なので、解散後はちょっと敵対しているような感じもしばらくありました。

小沢さんはあの性格なので解散について何も語っていないようでしたが、小山田さんは冗談みたいな感じで小沢さんに対して皮肉のようなことをインタビューで語っていました。

そういう経緯を見ると、やっぱりまたオザケン側の都合が解散のきっかけだったかも知れないですね。

解散後、小沢健二はソロとして結構早い時期にアルバムをリリースしました。「犬は吠えるがキャラバンは進む」です。私は予約して買いました。

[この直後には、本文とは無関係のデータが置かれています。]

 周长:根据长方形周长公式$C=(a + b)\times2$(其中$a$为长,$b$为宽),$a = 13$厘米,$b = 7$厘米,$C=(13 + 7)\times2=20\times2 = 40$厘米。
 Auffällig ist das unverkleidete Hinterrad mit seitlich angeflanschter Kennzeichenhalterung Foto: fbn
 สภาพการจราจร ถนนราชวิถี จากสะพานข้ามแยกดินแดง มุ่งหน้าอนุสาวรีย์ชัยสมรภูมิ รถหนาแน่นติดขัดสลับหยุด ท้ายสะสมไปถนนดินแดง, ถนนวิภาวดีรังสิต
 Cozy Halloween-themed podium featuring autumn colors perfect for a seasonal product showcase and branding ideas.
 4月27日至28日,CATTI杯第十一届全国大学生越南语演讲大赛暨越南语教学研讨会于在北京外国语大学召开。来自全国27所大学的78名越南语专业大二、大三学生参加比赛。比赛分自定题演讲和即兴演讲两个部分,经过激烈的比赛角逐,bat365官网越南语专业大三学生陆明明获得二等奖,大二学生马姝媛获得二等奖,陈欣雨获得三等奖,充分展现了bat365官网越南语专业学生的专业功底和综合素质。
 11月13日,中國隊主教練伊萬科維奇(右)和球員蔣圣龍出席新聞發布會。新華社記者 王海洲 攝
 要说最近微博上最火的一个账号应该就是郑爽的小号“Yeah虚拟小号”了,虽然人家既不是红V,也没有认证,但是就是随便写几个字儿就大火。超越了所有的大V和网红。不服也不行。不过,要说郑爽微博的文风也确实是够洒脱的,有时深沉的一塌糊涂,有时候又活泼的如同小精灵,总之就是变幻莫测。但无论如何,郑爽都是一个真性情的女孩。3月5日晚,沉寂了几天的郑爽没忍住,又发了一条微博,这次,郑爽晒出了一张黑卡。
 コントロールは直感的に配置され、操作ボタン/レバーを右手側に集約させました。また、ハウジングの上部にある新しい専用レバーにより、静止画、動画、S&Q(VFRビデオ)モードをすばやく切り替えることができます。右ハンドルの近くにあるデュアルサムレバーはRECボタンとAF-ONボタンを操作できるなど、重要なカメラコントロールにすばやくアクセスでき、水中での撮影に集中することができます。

これまでの、フリッパーズギターの頃とは音楽の方向性がまた違っていたけれど、すごく良いアルバムでした。

オザケンのソロ曲について、小山田さんは「なんか、尾崎豊みたい」と語っていました。たぶん悪口じゃなく素直な気持ちだったと思います。

オザケンがソロ活動を始めてしばらくして、小山田さんはコーネリアスとして活動を始めました。また、レコードレーベル「トラットリア(trattoria)」も主宰します。

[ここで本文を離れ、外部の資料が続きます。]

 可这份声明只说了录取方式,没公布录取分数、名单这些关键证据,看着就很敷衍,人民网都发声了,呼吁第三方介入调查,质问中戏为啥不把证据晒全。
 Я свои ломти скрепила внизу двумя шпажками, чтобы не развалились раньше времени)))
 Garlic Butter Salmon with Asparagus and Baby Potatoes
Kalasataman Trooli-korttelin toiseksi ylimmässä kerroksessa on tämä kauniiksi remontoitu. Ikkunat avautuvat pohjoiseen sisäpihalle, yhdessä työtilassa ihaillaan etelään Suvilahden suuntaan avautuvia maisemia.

コーネリアスの音楽は初期のフリッパーズギターを彷彿するものがありました。

オザケンはコーネリアスの楽曲について「ピチカート・ファイブの音にフリッパーズ・ギターの歌詞、そんだけ」と語っています。

最初のアルバムについては私もそう思いましたが、その後徐々に独自の音楽性を作り上げたように感じます。

オザケンの目指す所は…

小沢健二 / 流動体について

ソロデビューをしてから、深津絵里さんと噂になったり、恋人を「子猫ちゃん」と呼んでみたり、自分のことを「王子様」と称してみたり、ちょっと迷走感もあったオザケンですが、1998年に活動休止を発表してからは表舞台から遠ざかっていました。

20年ぶりのミュージックステーションでは懐かしのヒット曲「僕らが旅に出る理由」と、新曲の「流動体について」を披露したことで、また3度目の小沢健二ブームが来るかも知れません。

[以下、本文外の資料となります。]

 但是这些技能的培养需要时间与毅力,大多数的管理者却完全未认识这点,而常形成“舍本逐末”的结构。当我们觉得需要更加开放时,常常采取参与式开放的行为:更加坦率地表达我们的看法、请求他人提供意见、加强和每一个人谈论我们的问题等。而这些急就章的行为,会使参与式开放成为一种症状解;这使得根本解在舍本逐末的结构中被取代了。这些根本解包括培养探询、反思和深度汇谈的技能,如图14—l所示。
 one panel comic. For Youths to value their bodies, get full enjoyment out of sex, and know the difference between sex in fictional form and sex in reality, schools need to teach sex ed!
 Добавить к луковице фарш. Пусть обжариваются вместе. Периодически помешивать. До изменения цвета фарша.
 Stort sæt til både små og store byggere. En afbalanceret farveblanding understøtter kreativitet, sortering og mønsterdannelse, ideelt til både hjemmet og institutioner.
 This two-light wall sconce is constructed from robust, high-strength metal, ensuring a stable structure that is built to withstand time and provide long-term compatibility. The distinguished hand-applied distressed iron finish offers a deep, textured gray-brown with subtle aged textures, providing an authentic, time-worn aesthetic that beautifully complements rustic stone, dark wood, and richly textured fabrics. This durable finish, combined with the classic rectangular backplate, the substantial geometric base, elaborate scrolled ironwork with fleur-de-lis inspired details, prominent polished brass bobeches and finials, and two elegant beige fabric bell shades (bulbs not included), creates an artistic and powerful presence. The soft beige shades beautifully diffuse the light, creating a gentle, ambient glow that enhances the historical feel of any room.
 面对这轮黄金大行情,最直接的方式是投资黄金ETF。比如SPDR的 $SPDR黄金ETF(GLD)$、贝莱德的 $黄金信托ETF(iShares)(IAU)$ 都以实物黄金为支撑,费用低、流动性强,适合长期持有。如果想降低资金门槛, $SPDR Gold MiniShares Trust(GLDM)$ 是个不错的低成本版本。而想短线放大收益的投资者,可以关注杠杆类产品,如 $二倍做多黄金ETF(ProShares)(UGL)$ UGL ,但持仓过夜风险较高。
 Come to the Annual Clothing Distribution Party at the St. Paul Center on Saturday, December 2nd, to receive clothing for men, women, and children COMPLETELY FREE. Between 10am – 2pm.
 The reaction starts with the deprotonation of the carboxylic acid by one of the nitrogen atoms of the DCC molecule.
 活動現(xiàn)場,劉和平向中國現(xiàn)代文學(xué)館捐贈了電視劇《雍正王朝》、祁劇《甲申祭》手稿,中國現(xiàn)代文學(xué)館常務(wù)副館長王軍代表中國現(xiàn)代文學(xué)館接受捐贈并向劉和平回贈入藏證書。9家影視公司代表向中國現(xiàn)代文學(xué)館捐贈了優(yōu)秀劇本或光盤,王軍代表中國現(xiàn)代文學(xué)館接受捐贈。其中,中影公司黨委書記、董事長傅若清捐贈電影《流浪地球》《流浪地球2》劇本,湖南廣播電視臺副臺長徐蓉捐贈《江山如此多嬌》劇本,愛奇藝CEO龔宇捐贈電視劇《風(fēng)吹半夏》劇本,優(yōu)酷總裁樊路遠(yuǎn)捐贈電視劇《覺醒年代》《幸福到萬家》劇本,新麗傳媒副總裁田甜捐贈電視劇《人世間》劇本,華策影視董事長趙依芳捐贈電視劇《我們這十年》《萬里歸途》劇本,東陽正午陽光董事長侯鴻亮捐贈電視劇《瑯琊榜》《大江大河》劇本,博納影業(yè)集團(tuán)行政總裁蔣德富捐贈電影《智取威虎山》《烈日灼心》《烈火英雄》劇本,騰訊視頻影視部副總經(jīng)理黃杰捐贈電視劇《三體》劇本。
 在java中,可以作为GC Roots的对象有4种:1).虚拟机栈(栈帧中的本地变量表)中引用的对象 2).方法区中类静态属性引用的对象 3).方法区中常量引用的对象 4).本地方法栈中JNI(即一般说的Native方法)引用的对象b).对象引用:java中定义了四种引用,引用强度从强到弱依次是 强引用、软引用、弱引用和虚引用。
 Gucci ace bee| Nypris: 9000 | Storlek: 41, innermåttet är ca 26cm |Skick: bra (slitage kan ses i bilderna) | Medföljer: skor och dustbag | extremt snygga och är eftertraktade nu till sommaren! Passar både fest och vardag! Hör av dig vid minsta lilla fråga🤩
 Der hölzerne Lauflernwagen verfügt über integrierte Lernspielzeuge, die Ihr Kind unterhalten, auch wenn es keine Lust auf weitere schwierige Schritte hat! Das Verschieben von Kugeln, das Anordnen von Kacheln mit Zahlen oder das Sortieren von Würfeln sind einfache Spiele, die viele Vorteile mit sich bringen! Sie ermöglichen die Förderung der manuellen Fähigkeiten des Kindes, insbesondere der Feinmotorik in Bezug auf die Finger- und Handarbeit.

たぶんオザケンは衝動的に「やりたい!」という気持ちが盛り上がったり「やめたい!」っていう気持ちが湧き上がったりする人だと思うので、今後の活動がどのように発展するか分かりませんが、ファンとしてはこの素敵な時間をじっくり楽しんでおこうと思っています。

ちなみに、オザケンと松本大洋の対談が掲載されている『H』は、いまだに宝物として、大事に保管していますよ。